- Born: 13 July 1864 Venice, Austrian Empire
- Died: 13 February 1946 (aged 81) Milan, Italy
- Occupations: Writer, Translator, Teacher
- Relatives: Emilia Errera, Carlo Errera, Anna Errera

= Rosa Errera =

Italian writer (1864–1946)

Rosa Errera (13 July 1864 – 13 February 1946) was an Italian writer, translator, and teacher. Her most well known work, published in 1921, was about the poet Dante Alighieri.

== Biography ==

Errera was born in Venice on July 13, 1864 to Cesare, a Jew of Spanish origin, and to Luigia Fano, from Mantua, Italy. Her father was a stockbroker who moved the family from Venice to Trieste after a serious financial downturn. After his death, the remaining family returned to Venice to live in the home of a paternal uncle who, despite having five children of his own, took in Rosa and her three siblings, Emilia (1866–1901), Carlo (1867-1936), and Anna Errera (1870-1940).

After completing her high school studies in Venice, Errera settled in Florence, where she attended the Higher Institute of Magisterium under the guidance of an influential teacher Enrico Nencioni, who had taught Italian literature there since 1884 and who was highly regarded as an interpreter of English writers.

=== Teacher ===
From 1884 to 1889, Errera taught Italian letters to students in lower secondary schools in Florence. Subsequently, she won a competition for high school students and moved to Milan, where from 1892 she was able to attend the normal school Gaetana Agnesi. Over the next two years, her writings appeared in Il Piccolo Italiano, a Milanese weekly magazine edited by Aurelio Stoppoloni which proposed to "educate children by delighting them," but also urged them to live the "Italian spirit."
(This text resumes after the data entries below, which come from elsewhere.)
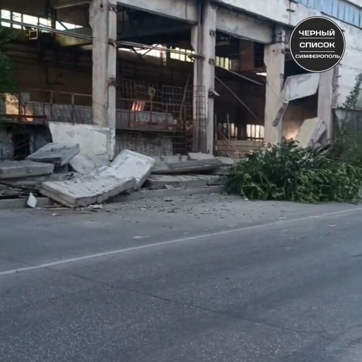 В Симферополе на улице Москалева обрушилась стена бывшего завода, частично перекрыв проезжую часть. По предварительным данным, никто не пострадал.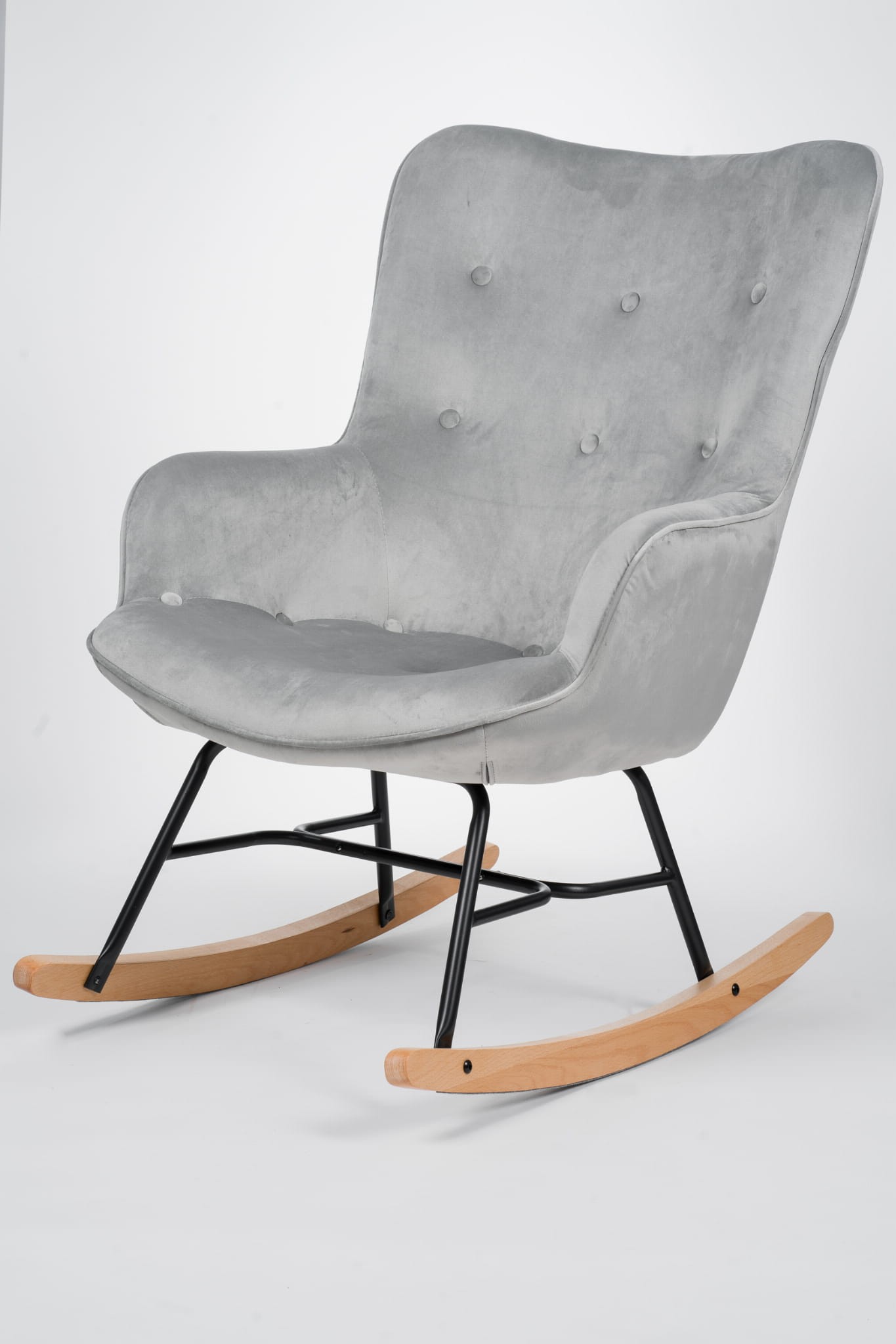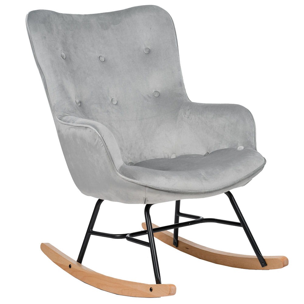 Niezwykle komfortowy fotel bujany szary to idealne rozwiązanie do kącika sypialni, salonu czy też domowego gabinetu lub biblioteczki. Mebel swoją minimalistyczną formą nada Twojemu wnętrzu domowego charakteru, a dodatkowo pozwoli w pełni zrelaksować całe ciało. Przytulna, aksamitna tapicerka w kolorze szarym to modny welur. Szarość to kolor nieśmiertelny, bardzo uniwersalny! Materiał w tym kolorze dodatkowo sprawia, że fotel bujany szary prezentuje się bardzo pięknie, jest miły w dotyku, a to sama przyjemność podczas relaksu! Muskający meszek ukoi Twoje zszargane nerwy, a możliwość pobujania się w objęciach ulubionego fotela dziękom solidnym, drewnianym płozom sprawi, że poczujesz się bardzo przyjemnie. Fotel bujany szary, welurowy to mebel idealny do salonu. Drewniane płozy to wspaniały akcent w stylu skandynawskim. Posiadają zabezpieczenia przed uszkodzeniem podłogi.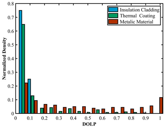 Probability density distribution characteristics of the degree of polarization for different space debris materials.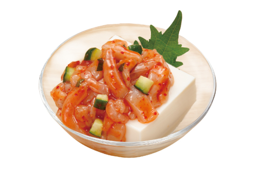 柔らかいイカを旨辛のキムチ味で味付けしました。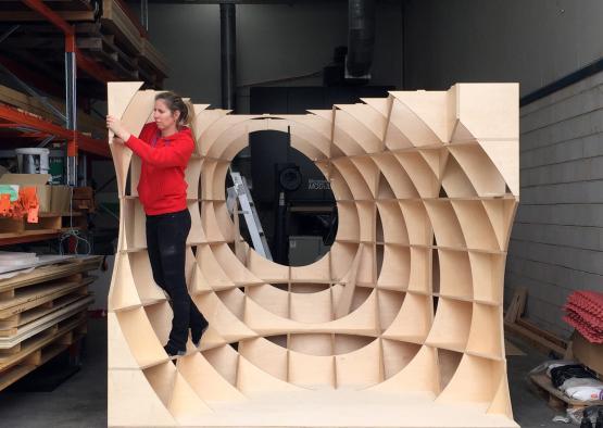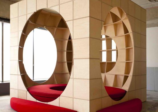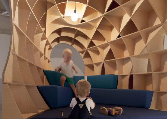 Reusable and recyclable, Play Pods deliver a set of immersive educational play spaces, each comprising 250 intersecting layers of birch plywood.
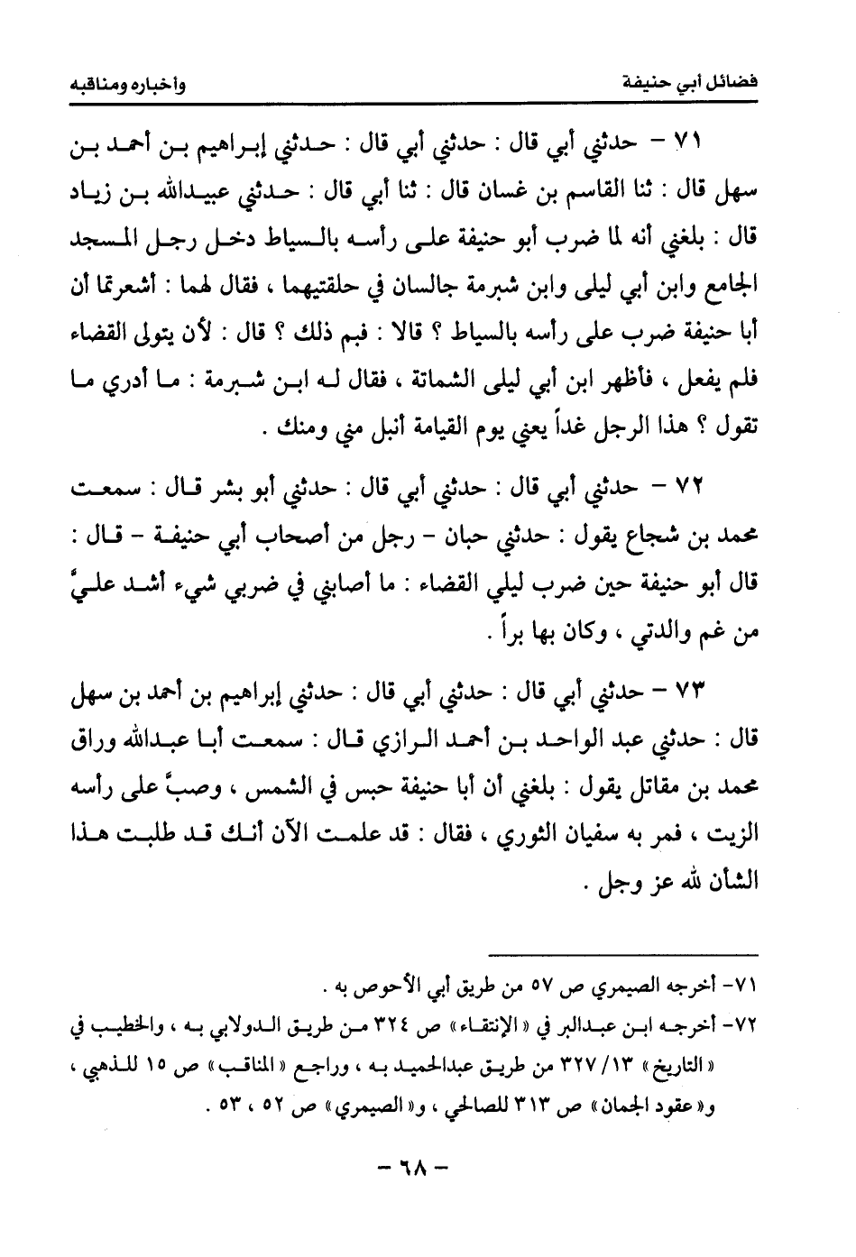 76 - حدثني أبي قال: حدثني أبي قال: حدثني محمد بن أحمد بن حماد #70# قال: حدثني يعقوب بن إسحاق بن أبي إسرائيل، عن يعقوب بن شيبة قال: حدثني عبد الله بن الحسن، عن بشر بن الوليد قال: لما أمر أبو جعفر المنصور بأبي حنيفة إلى الحبس دفع إلى أبي العباس، فأراد أبو العباس أن يتكلم أبو حنيفة بشيء يكون عليه فيه حجة، فقال له: يا شيخ إن أمير المؤمنين يأمر بدفع الرجل إليّ، وقد أمر فيه بالأمر من الضرب أو القطع أو القتل، ولا علم لي بقصته، أفيجوز لي أن أنفذ ما أمر به أمير المؤمنين وأنا لا أعلم ما حاله؟ فقال له أبو حنيفة: أمير المؤمنين يأمر بضرب رجل لا يجب عليه الضرب أم يجب ذلك عليه ويستحقه؟ ويأمر بقطع من لا يجب عليه القطع؟ ويقتل من لا يجب عليه القتل أو من يجب عليه القتل؟ فقال أبو العباس: أمير المؤمنين أبرّ وأتقى من أن يضرب أو يقطع أو يقتل من لا يجب ذلك عليه، فقال له أبو حنيفة: فإذا ضربت وقتلت وقطعت من يجب ذلك عليه ويستحقه فأنت في ذلك مأجور، فلم يجد عليه أبو العباس حجة، فلم يزل في الحبس حتى توفي فيه رحمه الله.

Meanwhile, while still teaching, she started pursuing writing for children and young readers with particular attention to the ideals of homeland, family and humanity, which were receiving increasing attention in Italy at the time. She would continue teaching until about 1912.

=== Writer ===
In 1891 Errera published her first books. Many were anthologies curated for middle and high school students, and some were readers for elementary students, including La Villanti Family (Milan 1896). According to Paesano, her fictional works were written to replace "the spells of the fairy tale with the realism of family affections and domestic care."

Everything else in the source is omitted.